В памяти Александры всплыла картина «Возвращение блудного сына», хотя сын на картине, помнится, стоял на коленях. Когда улеглись первые бурные восторги, вспомнили о скромно стоящей поодаль гостье.
—О-о-о! — протянул к ней обе руки хозяин, однако Александра, памятуя о том, что в сюжете картины персонаж блудной дочери отсутствовал, в связи с чем египтянин никак не может быть ее отцом, на всякий случай немного отстранилась и растянула губы в московской улыбке. Сдержанной и недоверчивой.
— Это Гуда, — представил египтянина Онуфриенко, с лица которого не сходила радостная улыбка. — Очень гостеприимный человек.
Египтянин согласно закивал, приложив руки к груди. Из ворот дома выскочили какие-то люди в галабеях, подхватили багаж и потащили вверх по узкой лестнице, начинавшейся в дальнем углу помещения.
Александра последовала за мужчинами, прислушиваясь, как Онуфриенко на арабском что-то оживленно рассказывает хозяину дома.
— Я ему сказал, что вы у нас пугливая, как лань, — весело пояснил он, повернувшись через плечо. — А то вы так спрятались мне за спину, будто Гуда — крокодил какой-то, — укоризненно сказал он, стараясь не отставать от перешагивающего через ступени египтянина.
Тот, немедленно отреагировав на понятное слово «крокодил», что-то оживленно сказал по-арабски.
—Он что, обиделся, как вы его назвали?— пропыхтела Александра, считая шпильками бесконечные ступени. Вроде, уже третий этаж.
—Нет, он говорит, что в Ниле крокодилов уже давно нет.
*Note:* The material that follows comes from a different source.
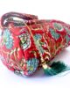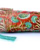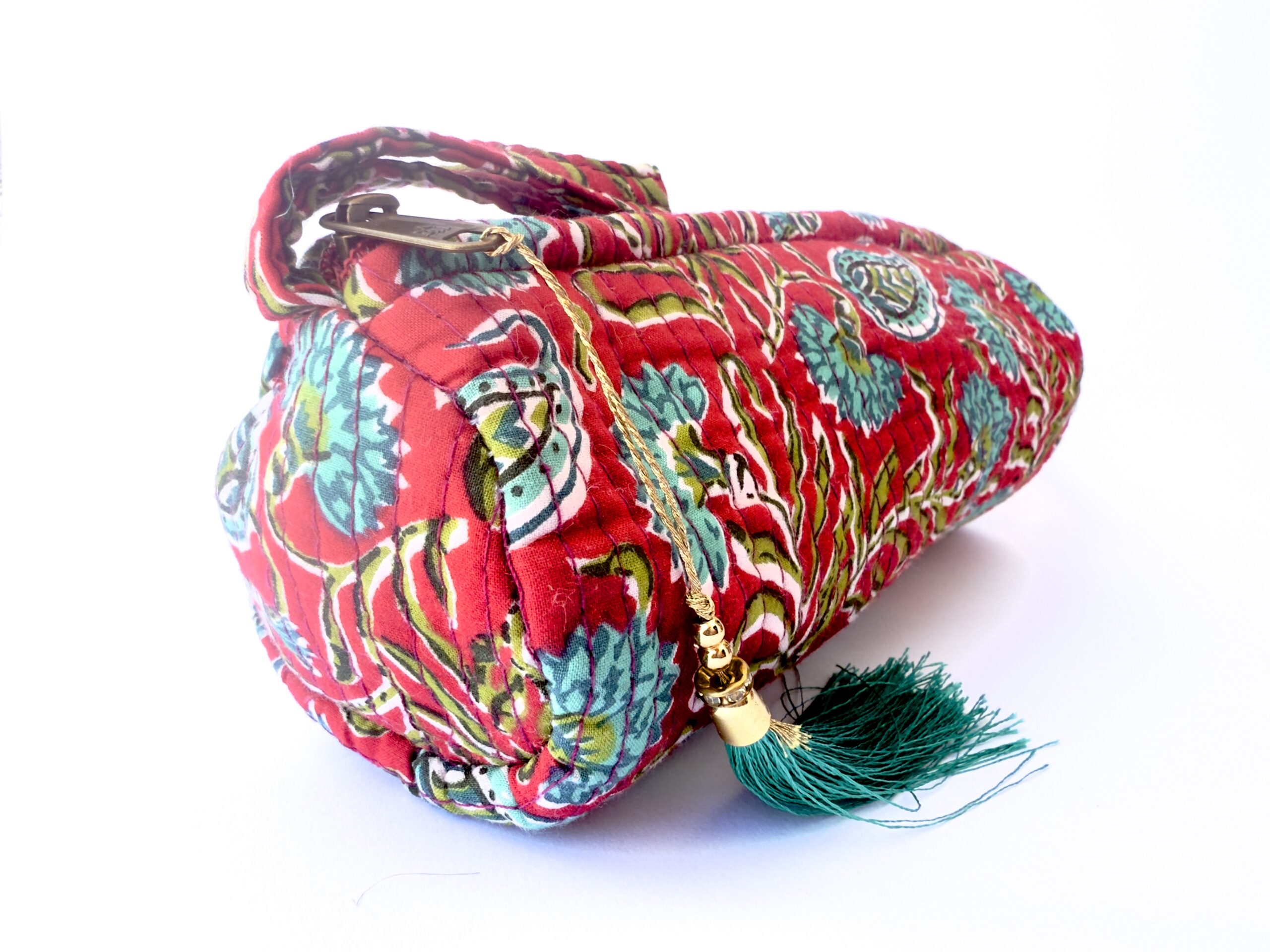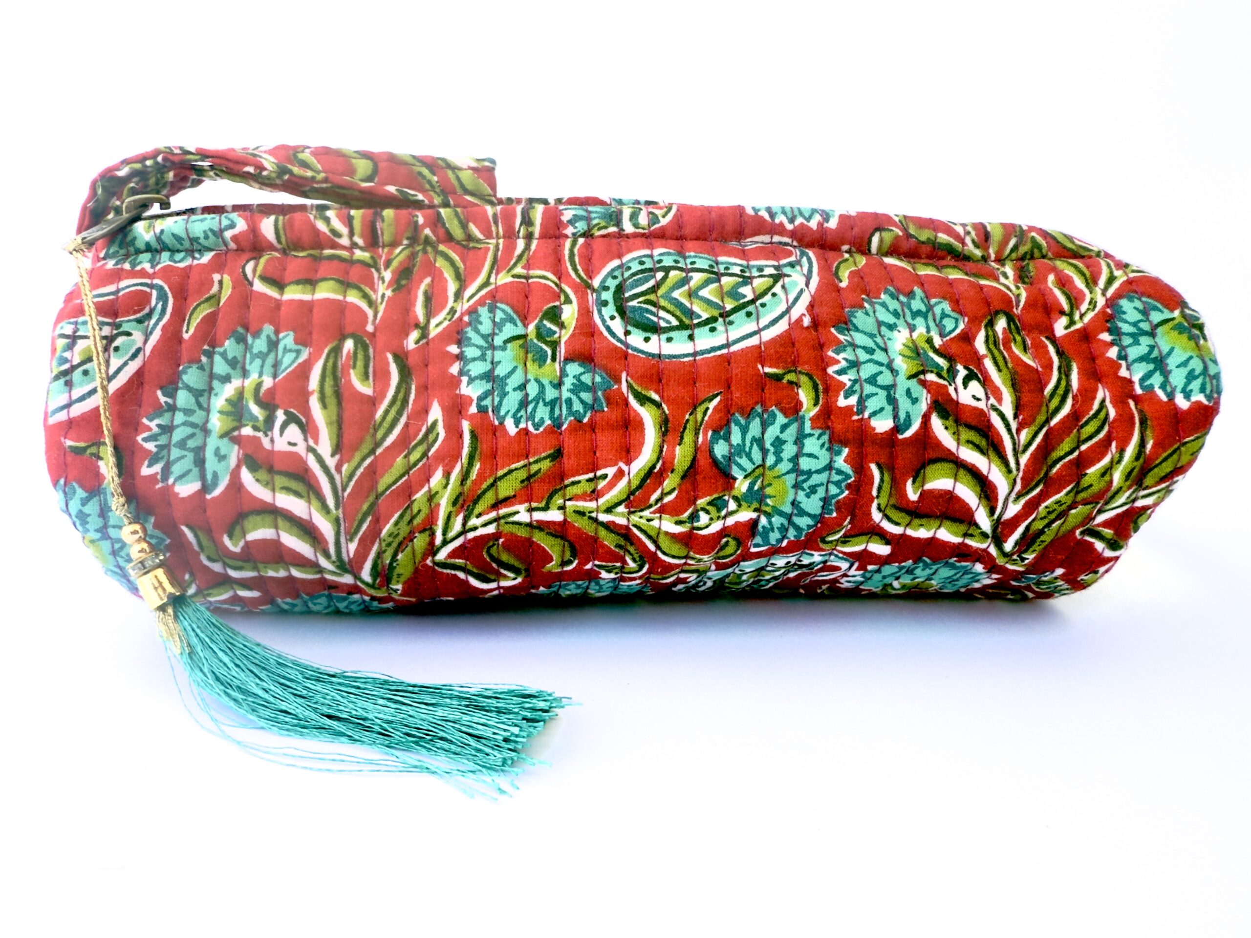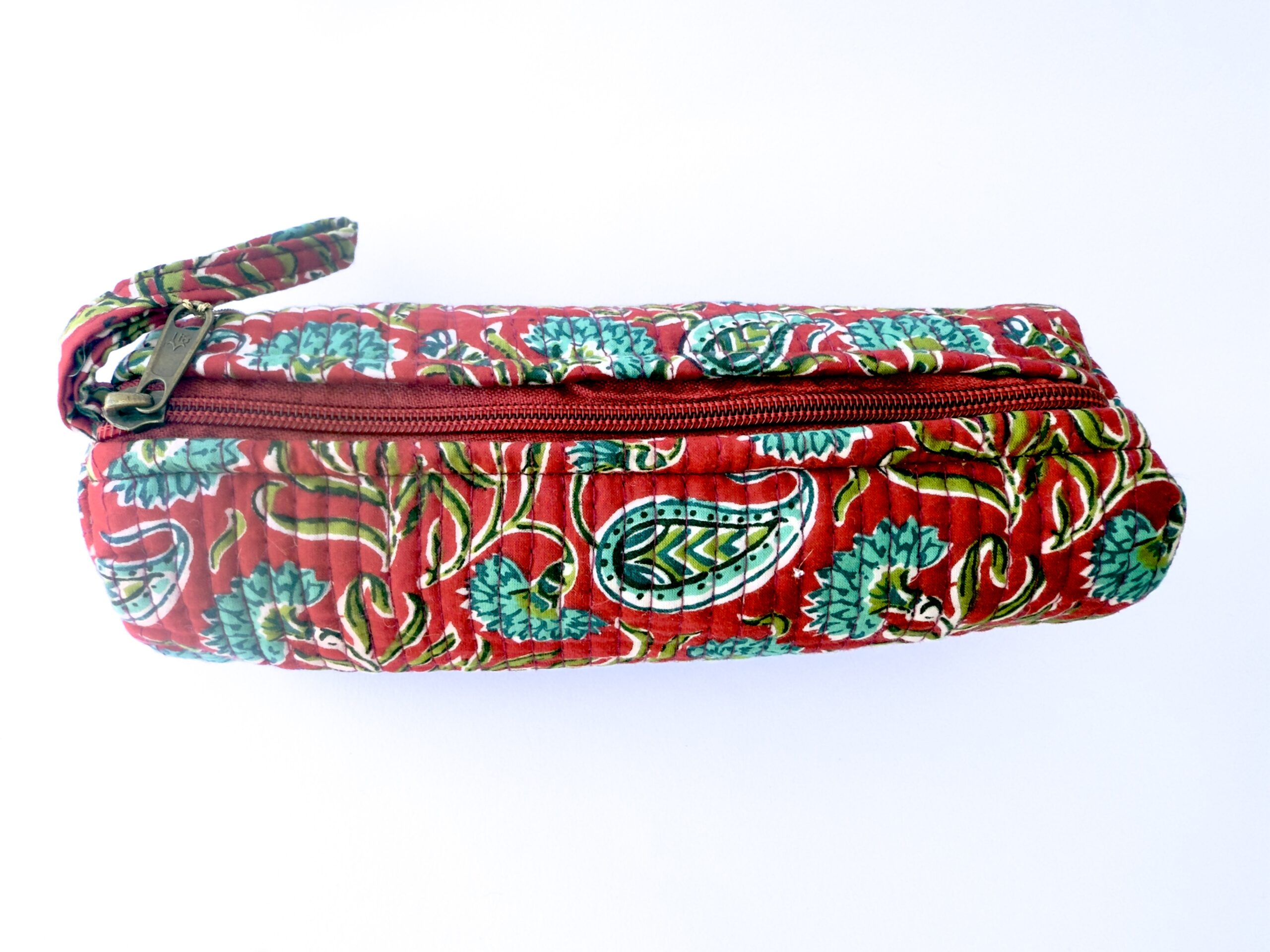Organiza tus lápices, bolis o rotuladores con este encantador estuche redondo de tejido acolchado. Con un fondo rojo y estampado floral en tonos suaves de turquesa, verdes, blanco apagado, este estuche destaca por su diseño alegre y funcional.

Перевелись.
На пятом, а может даже на шестом этаже, важно, что выше идти было некуда, Гуда толкнул дверь, и они оказались в просторном зале с огромными окнами, занавешенными ночным небом.
Гуда проговорил что-то по-арабски и указал рукой на одну из нескольких дверей, выходивших в зал.
— Ночевать будем здесь, — пояснил Онуфриенко.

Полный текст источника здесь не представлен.